Q. I find I can’t fully commit to relationships with women. I’ll see a girl for a few months and then either sabotage it or just move on. How can I change?
Ruby says: Are you sure you’re not gay? Whenever a guy has broken up with me, it’s because they’ve been gay.
Redmond, a guy I dated in school, dumped me at our formal. He said he liked men, which was weird because he hooked up with Vanessa Blainey at the after-party.
I’ve been with guys who were still closeted but, having been gun-barrel straight all their lives, turned as soon as we broke up. I’m proud to say I was the last woman they ever slept with. One you’ve climbed Everest, molehills don’t inspire.

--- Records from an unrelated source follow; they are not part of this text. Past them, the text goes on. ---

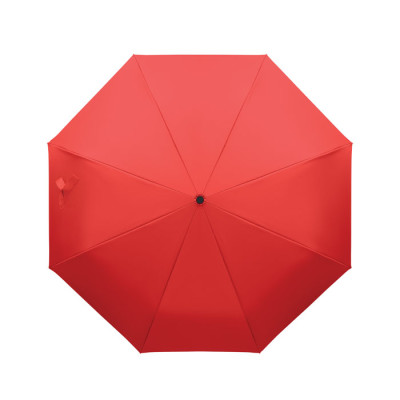 Guarda-chuva dobrável de 21'' à prova de vento com estrutura em fibra de vidro totalmente revestida a preto com 2 secções. Varas em fibra de vidro. Painéis em pongee RPET 190T. Pega em forma de D com acabamento em borracha. Abertura e fecho automáticos. Inclui bolsa.
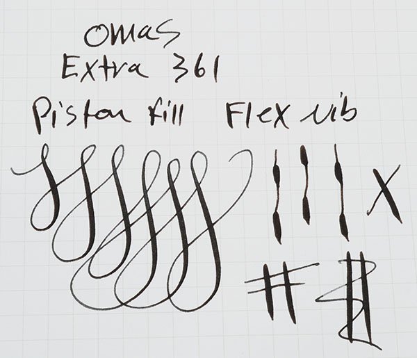 Nib Flex gold nib has good tipping material and has flex. See writing sample below.
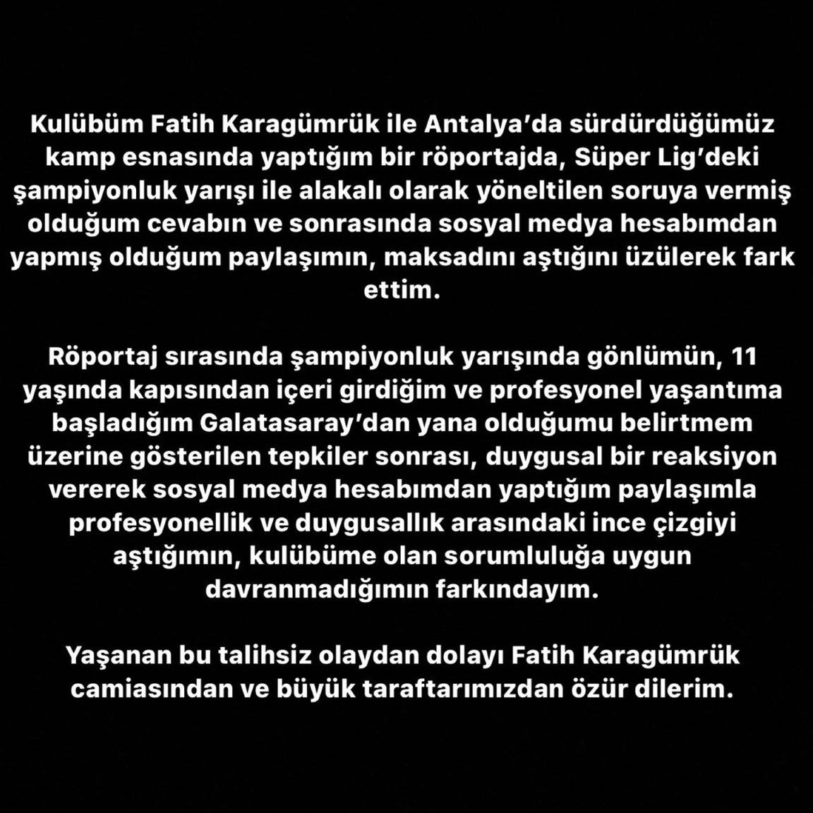 Eski takımı Galatasaray ile oynanacak maç öncesi sosyal medya hesabından yaptığı paylaşım nedeniyle tepki çeken Fatih Karagümrüklü milli futbolcu Emre Çolak ifadelerinin maksadını aştığını söyleyerek özür diledi. İstanbul ekibi 29 yaşındaki oyuncuyu kadro dışı bıraktı. Süper Lig ekiplerinden Fatih Karagümrük forması giyen Galatasaray’ın eski oyuncusu Emre Çolak, geçtiğimiz günlerde sosyal medya hesabından yaptığı gündem yaratan paylaşımı nedeniyle kadro dışı bırakıldı. Karagümrük Kulübü yaptığı resmi açıklamayla Emre Çolak’ın paylaşımının kulübün değerleri ve ilkeleri ile bağdaşmaması nedeniyle oyuncunun geçici olarak kadro dışı bırakıldığını duyurdu.
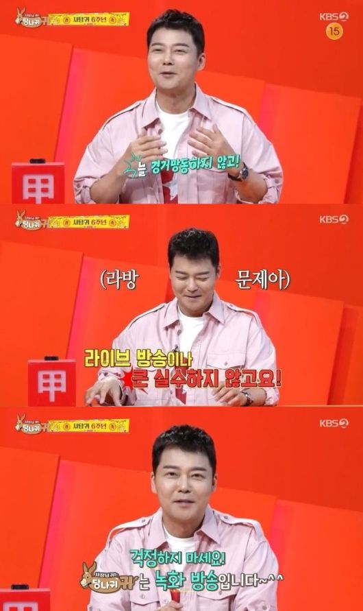 개그맨 박명수는 "라이브 방송이나 큰 실수하지 말고 오직 녹화 방송만 하라"고 충고했다. 전현무는 "걱정 마시라. 사장님 귀는 당나귀 귀는 녹화방송이다. 라이브는 이제···"라며 말을 아꼈다. 다른 출연자들도 "생방송은 안 된다"고 했다.
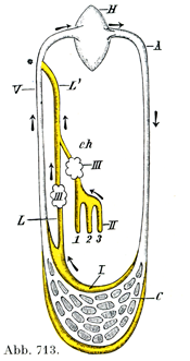 H 心臓;A 大動脈;C毛細管の領域;V 大静脈;L リンパ管の幹;Ch乳ビ管の幹;L'2つの部分が合してできた幹;* リンパ管の幹が静脈系に開くところ. I リンパ管の毛細管領域;II乳ビ管の毛細管領域;III, III リンパ節;1, 2, 3, 3つの小腸絨毛洞.
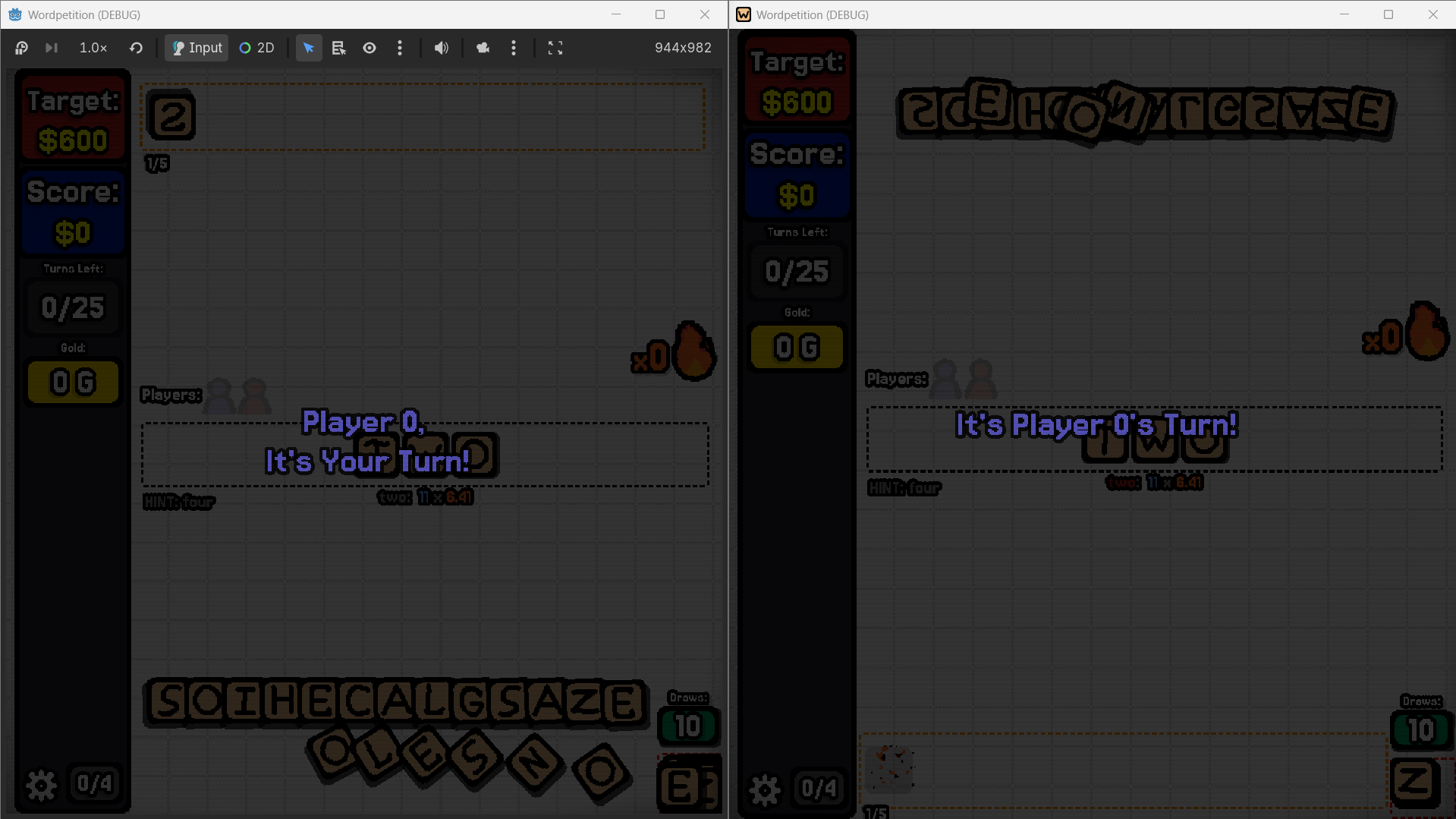 I also reworked the multiplayer turn system. Before it would ALWAYS pass the turn after one move, which led to nobody being able to spell the words they wanted (you couldn’t ever get close enough to the special word you needed).
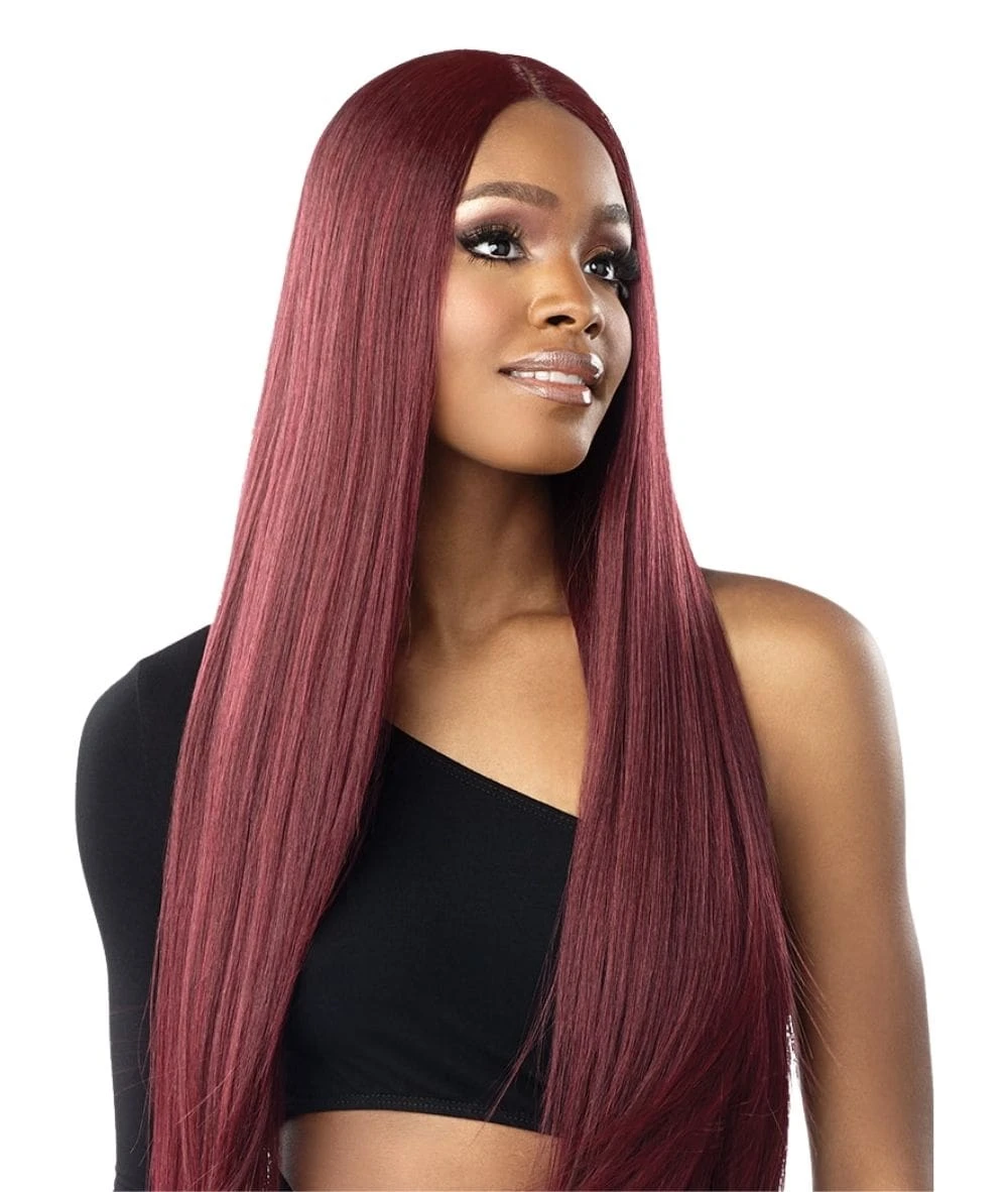 Salisha from Sensationnel’s Shear Muse collection is a bold, waist-length synthetic wig designed for those who love sleek, straight styles with a pop of color. This 35-inch unit features a salon-inspired cut, HD lace front, and a pre-plucked hairline with baby hairs for a natural finish. Available in vibrant shades like Apple Red, Carrot Red, and Crimson Red, Salisha offers a lightweight, glueless fit that’s beginner-friendly and heat-safe up to 400°F.
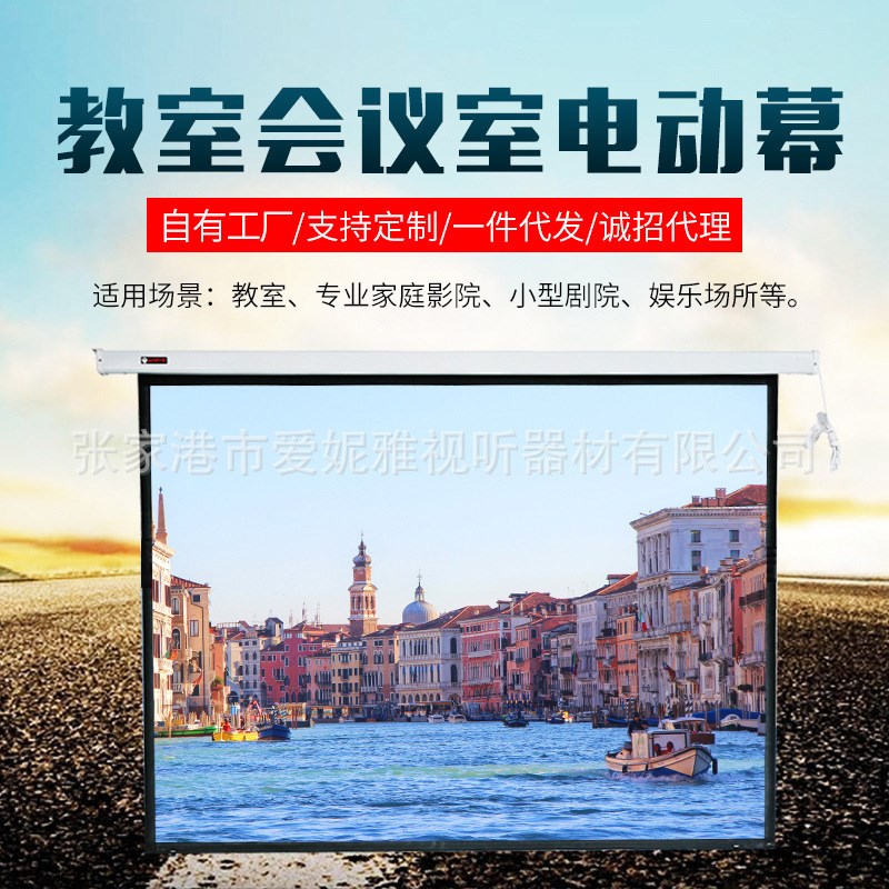 家庭影院教室会议室电动幕100寸4:3幕布 白塑玻纤舞台幕布 - 聪曼百货
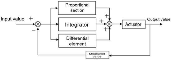 PID control, namely, proportional, integral, and derivative control, is a control algorithm commonly used in industrial systems. It has the advantages of simple principles, an easy adjustment, and a wide application range, and it can quickly and accurately correct the negative feedback system. Therefore, the PID module is designed in the energy braking recovery system to better regulate the speed of the system. PID control can increase the precision of the control by adjusting the coefficients of the three links—ratio (P), integral (I), and differential (D)—in which the proportion link affects the response speed of the system to the error, and the integration link is responsible for eliminating the static error of the system; The differential link can be adjusted in advance to ensure the stability of the system [18,19]. The PID control principal diagram is shown in Figure 1.
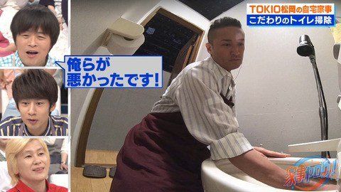 手袋も無しでトイレットペーパーを手に蓋や便座、便器の上部を拭きとり、拭き終わったペーパーをトイレに放り込む。すると、その勢いで便器に手を突っ込み、素手のままで便器の中を洗いはじめたのだ。 丁寧に便器内を手で洗い流し、最後は除菌クリーナーで細部を磨き上げる。全てを素手で行い一礼して、その場を後にした。 「舐めるぐらい綺麗にしろって子供の時に言われた」と素手掃除の理由を明かした松岡に、掃除を振った中丸は「ごめんなさい。そんな強いこだわりをもってると思わなかった」と反省を覗かせた。TOKIO松岡昌宏の「こだわりのトイレ掃除」姿に悲鳴あがる 「男らしいというか衝撃的」
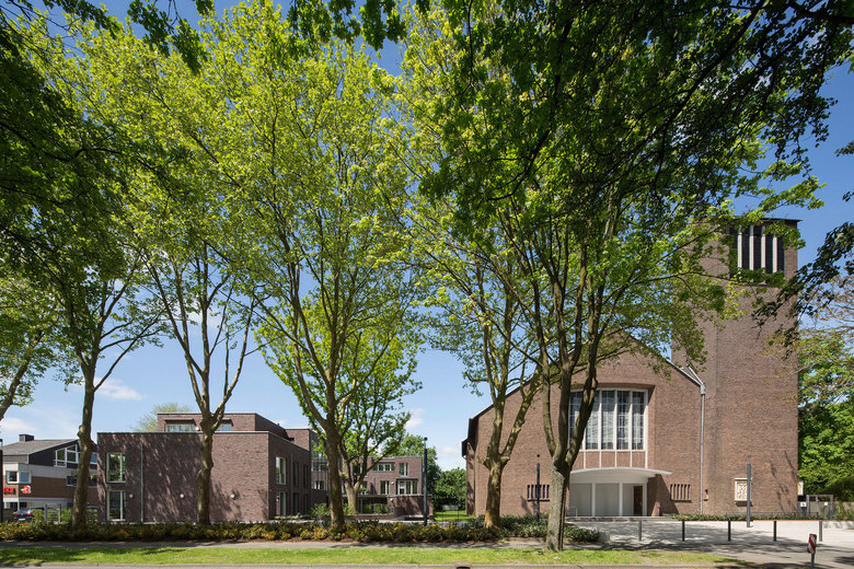 Das Projekt ging aus einem gewonnenen Architekten-Wettbewerb hervor. Aufgabe war es südwestlich der Kirche St. Theresia eine qualitätsvolle Wohnbebauung in Form von Eigentumswohnungen zu errichten. Das städtebauliche Konzept sieht zwei maßstäbliche Einzelbaukörper vor, die rechtwinklig zueinander angeordnet werden. Der erste Baukörper steht parallel und in gebührendem Abstand zur Kirche und hält den Blick auf die Längsseite der Kirche frei. Der zweite Baukörper begrenzt in der Tiefe des Grundstücks den neu entstandenen Außenraum. Der große Baum südwestlich der Kirche bleibt erhalten und wird zum Mittelpunkt des neuen Außenraums. Durch die wechselseitige Stellung der Gebäude entstehen jeweils Ansichten auf kurze Kopfseiten und längere Gebäudefronten, so wird die Maßstäblichkeit der umgebenen Bebauung fortgeführt.
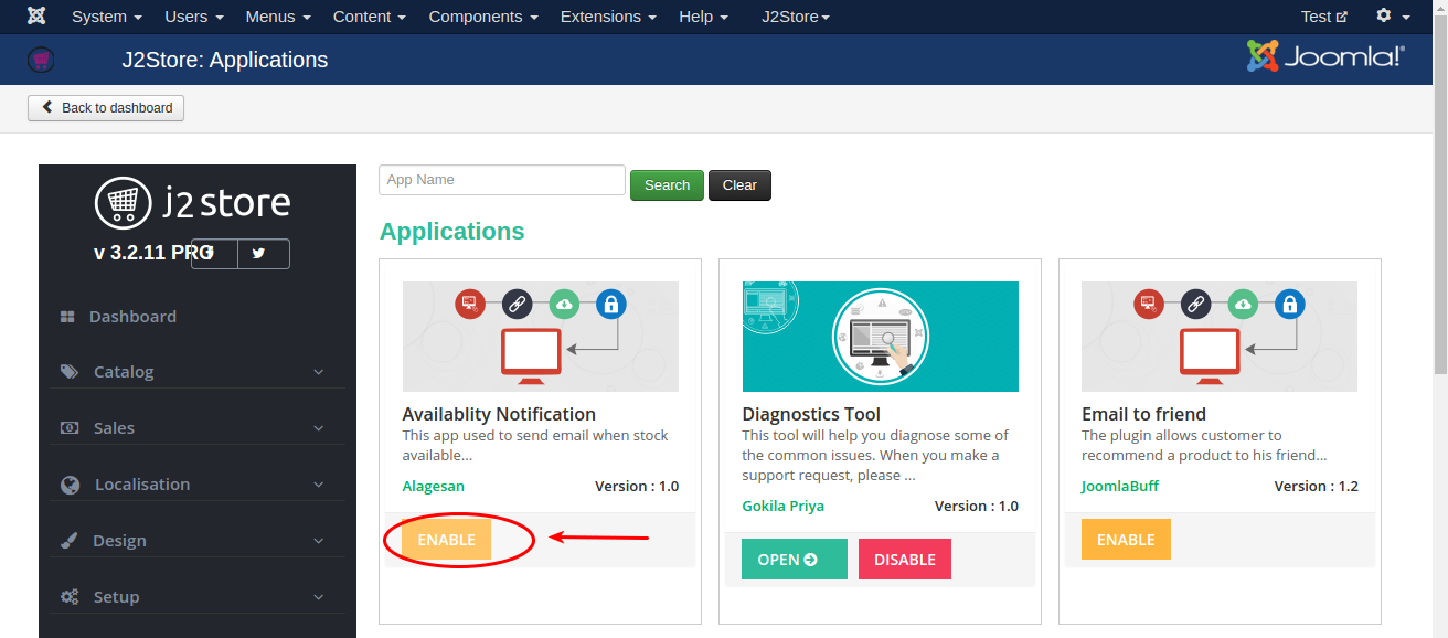 1.)Use the joomla installer to install the app. 2.)Go to J2Store > Apps, find Availability Notification app and click enable to activate the app.

I’ve also been with secret gays who kept seeing girls after we broke up. Any red-blooded man would mortgage his prostate for a night with me; ergo, they were gay.
Like those guys, maybe you can’t keep a good woman happy because you’re gay. Suck it and see.
Reuben says: When I was at boarding school in Hong Kong, I was acutely affected by crippling homesickness. It was then that I discovered I am one of the gifted elite capable of autopederasty – the sexual act of inserting one’s erect penis into one’s own bum. Few men possess the necessary elasticity. I guess what I’m saying is that I found a way to love myself and it’s totally enriched both my soul and my sex life. Maybe it’s time you found a way too.
Ultimately, I think your problem is about self esteem. Whenever I’m feeling down, I write a list of all the things I like about myself and store them in my Self Love Shoebox that I keep under my bed. I’ve been keeping it since I was about six years old and now it’s overflowing with all the best things I’ve noticed about myself in the many years since.
I used to put them up on my fridge, but my housemates bagged me mercilessly and then asked me to move out. Bastards.